NORBIDAR stands out among fumaric acid manufacturers for producing high-quality fumaric acid with exceptional expertise. When it comes to how is fumaric acid made, the process primarily involves microbial fermentation, with Rhizopus species such as Rhizopus nigricans and Rhizopus arrhizus playing a key role. Additionally, Bacillus sp. MI-105 contributes to the efficient production of fumaric acid. This versatile compound is widely used across various industries and is a common ingredient in many fumaric acid foods. Each year, a significant amount of fumaric acid is produced, with nearly 85% coming from microbial fermentation. For those curious about how is fumaric acid made, the answer lies in the advanced use of microbes to achieve high purity and quality.
Key Takeaways
- Rhizopus species, like Rhizopus arrhizus, are the main microbes used to make fumaric acid. They give a high amount and work well. Bacillus sp. MI-105 helps make fumaric acid in different ways. It lets people use other methods and settings. Making fumaric acid with microbes is good for the environment. It uses plants and does not need fossil fuels. NORBIDAR uses special fermentation to make pure fumaric acid. This keeps the quality high and meets what industries need. Fumaric acid is used in food, medicine, and industry. It is important in many markets.
Microbes used in fumaric acid production
Rhizopus species as primary producers
Rhizopus species are very important for making fumaric acid. Many scientists and companies pick Rhizopus arrhizus and Rhizopus nigricans. These fungi can make a lot of fumaric acid. Rhizopus arrhizus NRRL 1526 is known for working well. The table below shows how much fumaric acid this fungus makes in different tests:
| Rhizopus Species | Production Yield (g/L) | Yield (g/g) | Duration (days) |
|---|---|---|---|
| Rhizopus arrhizus NRRL 1526 | 50 | 0.44 | 7 |
| Rhizopus arrhizus NRRL 1526 | 73.5 | 0.55 | 7 |
| Rhizopus arrhizus NRRL 1526 | 86.3 | 0.67 | 6 |
Rhizopus arrhizus grows well on loofah fiber in special tanks. This setup gives the fungus air and food. It helps the fungus make more fumaric acid. Rhizopus species use a pathway called cytosolic reductive TCA pathway. When there is not much nitrogen, this pathway helps the fungus work better. Scientists can change the medium and temperature to get more fumaric acid.

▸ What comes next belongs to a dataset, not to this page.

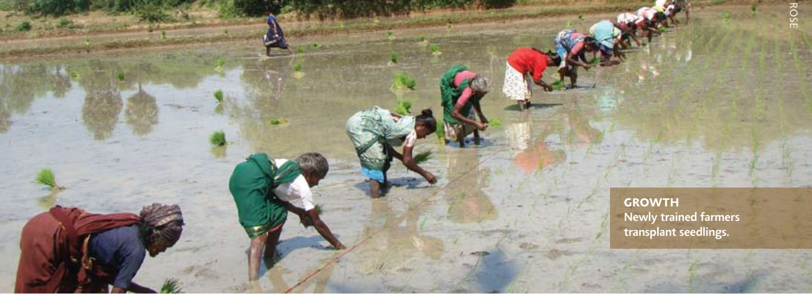
GROWTH Newly trained farmers transplant seedlings.

Sixty to eighty percent of the food produced in developing countries is grown by women, yet women own less than 10 percent of the land. 7 As the global food crisis continues, this paradox is becoming a deadly threat, undermining food security and costing lives around the world. By Sara Hahn

Role of Bacillus sp. MI-105 in production
Bacillus sp. MI-105 also helps make fumaric acid. This bacterium works in a different way than Rhizopus species. Bacillus sp. MI-105 can live in many places. It makes the process more flexible. Some companies use Bacillus sp. MI-105 to make more fumaric acid or try new ways to produce it. This microbe gives the industry another choice for making this compound.
Scientific classification and characteristics
Rhizopus nigricans and Rhizopus arrhizus are part of the kingdom Fungi. Both have similar traits and belong to the same group. The table below shows their scientific names and main features:
| Classification Level | Rhizopus nigricans | Rhizopus arrhizus |
|---|---|---|
| Kingdom | Fungi | Fungi |
| Phylum | Zygomycota | Zygomycota |
| Order | Mucorales | Mucorales |
| Family | Mucoraceae | Mucoraceae |
| Genus | Rhizopus | Rhizopus |
| Morphological Features | Dark greyish-brown color, 10mm high rhizoids, 100 micrometre sporangia | Dark greyish-brown color, 10mm high rhizoids, 100 micrometre sporangia |
Tip: Rhizopus species look dark greyish-brown. They grow rhizoids up to 10mm tall. Their sporangia are about 100 micrometers wide. These things help scientists know which fungus they have.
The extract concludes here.